Dans cette citation, on relève l’idée que les agents économiques qui entrent sur le marché du travail ont eu à supporter le coût de l’investissement dans l’éducation, en formation et en santé. Ces dépenses sont des investissements en capital, mais en capital intangible. Enfin, Fabricant explique que la mesure du travail par les heures travaillées ne peut pas rendre compte de cette hausse de la qualité du travail. Il reconnaît donc le rôle essentiel que joue cet investissement sur la croissance économique.

Fabricant s’intéresse alors à la répartition de la croissance du produit par tête entre les deux facteurs de production. Il explique que le travail en a capté une part prépondérante notamment grâce à cet investissement : « [Workers] they have gained, further, because the price of their work relative to the price of capital has turned in their favor with the increase in amount of capital per worker » (Ibid., p. 16). Il précise, dans une note de bas de page, que ce capital, qui comprend le capital intangible (concept qu’il ne définit pas), est une des explications de la hausse du prix relatif du travail : « In part, the increase in the relative price of work reflects an increase – through education etc. – in the intangible capital embodied in workers » (Ibid.).

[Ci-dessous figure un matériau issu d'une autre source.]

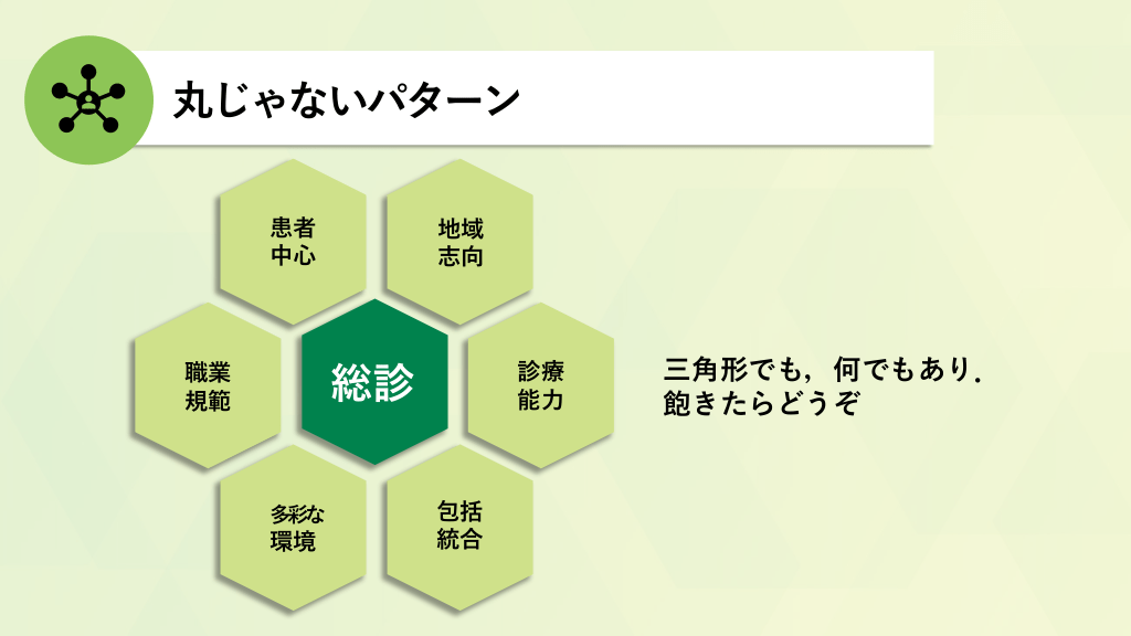 #10. 丸じゃないパターン 患者 中心 職業 規範 地域 志向 診療 能力 総診 多彩な 環境 包括 統合 三角形でも,何でもあり. 飽きたらどうぞ

Fabricant considère donc que ce capital intangible, accumulé grâce à l’investissement dans l’éducation, fait partie intégrante du travailleur ; il ne peut en être dissocié. Ces affirmations, si pertinentes soit-elles, ne doivent pas masquer le fait qu’elles ne forment pas le cœur de l’analyse de Fabricant. Nous l’avons dit, ces remarques sont reléguées en notes de bas de page, et la fonction de production utilisée par Fabricant ne permet pas de distinguer les effets de l’augmentation de la qualité du travail sur la hausse du produit par tête. Elles ajoutent cependant un aspect essentiel à la contribution de Kuznets : les investissements réalisés dans l’éducation, formation et santé se transforment en capital, qui enrichit dès lors la force de travail d’une nouvelle dimension, bien qu’intangible.